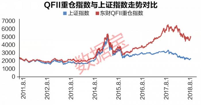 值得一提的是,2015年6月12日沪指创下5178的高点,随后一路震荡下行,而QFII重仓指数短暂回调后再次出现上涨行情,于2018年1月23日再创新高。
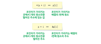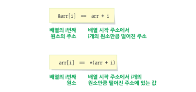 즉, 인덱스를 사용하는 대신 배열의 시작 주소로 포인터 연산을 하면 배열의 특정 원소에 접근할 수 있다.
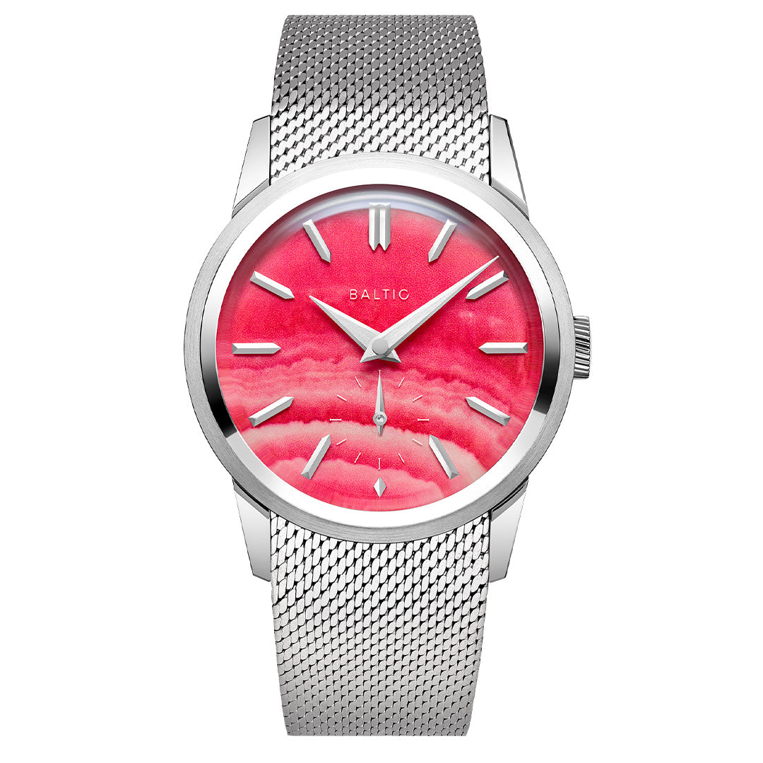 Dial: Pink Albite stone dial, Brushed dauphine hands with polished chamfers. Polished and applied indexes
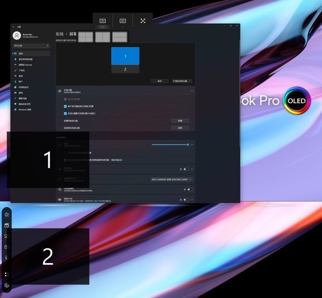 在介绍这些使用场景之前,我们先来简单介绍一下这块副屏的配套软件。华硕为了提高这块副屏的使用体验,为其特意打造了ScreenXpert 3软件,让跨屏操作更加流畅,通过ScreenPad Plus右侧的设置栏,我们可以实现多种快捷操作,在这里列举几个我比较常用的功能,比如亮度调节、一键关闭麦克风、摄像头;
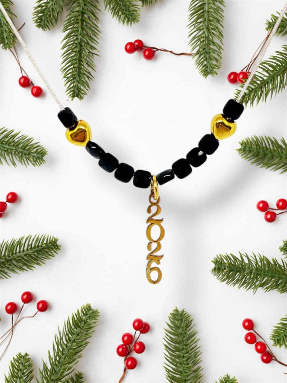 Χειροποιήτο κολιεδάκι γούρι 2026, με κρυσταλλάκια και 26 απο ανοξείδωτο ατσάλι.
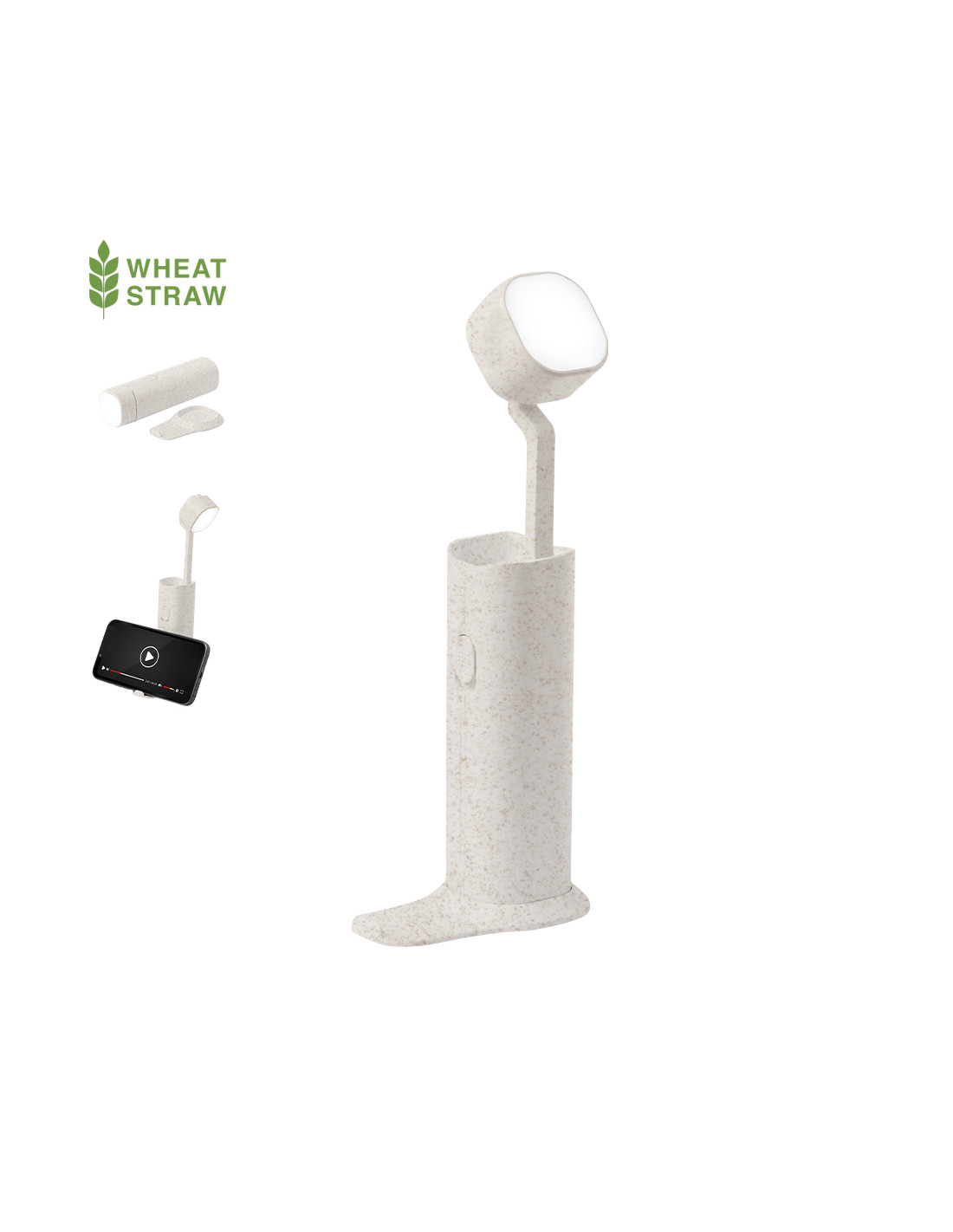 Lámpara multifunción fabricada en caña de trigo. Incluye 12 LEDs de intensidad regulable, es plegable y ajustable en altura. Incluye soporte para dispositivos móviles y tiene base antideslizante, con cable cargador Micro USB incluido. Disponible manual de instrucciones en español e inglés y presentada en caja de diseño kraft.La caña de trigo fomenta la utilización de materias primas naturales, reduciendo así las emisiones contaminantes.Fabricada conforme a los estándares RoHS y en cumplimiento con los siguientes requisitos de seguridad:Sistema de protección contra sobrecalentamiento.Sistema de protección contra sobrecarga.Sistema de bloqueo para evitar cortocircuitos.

==

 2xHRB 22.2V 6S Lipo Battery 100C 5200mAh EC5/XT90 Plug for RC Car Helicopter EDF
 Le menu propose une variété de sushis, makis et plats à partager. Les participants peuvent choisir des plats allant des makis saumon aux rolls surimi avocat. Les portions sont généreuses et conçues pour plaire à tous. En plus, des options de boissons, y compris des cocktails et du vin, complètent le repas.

## Assigned task
In the entries above, find the line containing "值得一提的是,2015年6月" and the line containing "Χειροποιήτο κολιεδάκι γούρι", then copy both and every line between them exactly, without any picture.

## Exercise solution
 值得一提的是,2015年6月12日沪指创下5178的高点,随后一路震荡下行,而QFII重仓指数短暂回调后再次出现上涨行情,于2018年1月23日再创新高。
 즉, 인덱스를 사용하는 대신 배열의 시작 주소로 포인터 연산을 하면 배열의 특정 원소에 접근할 수 있다.
 Dial: Pink Albite stone dial, Brushed dauphine hands with polished chamfers. Polished and applied indexes
 在介绍这些使用场景之前,我们先来简单介绍一下这块副屏的配套软件。华硕为了提高这块副屏的使用体验,为其特意打造了ScreenXpert 3软件,让跨屏操作更加流畅,通过ScreenPad Plus右侧的设置栏,我们可以实现多种快捷操作,在这里列举几个我比较常用的功能,比如亮度调节、一键关闭麦克风、摄像头;
 Χειροποιήτο κολιεδάκι γούρι 2026, με κρυσταλλάκια και 26 απο ανοξείδωτο ατσάλι.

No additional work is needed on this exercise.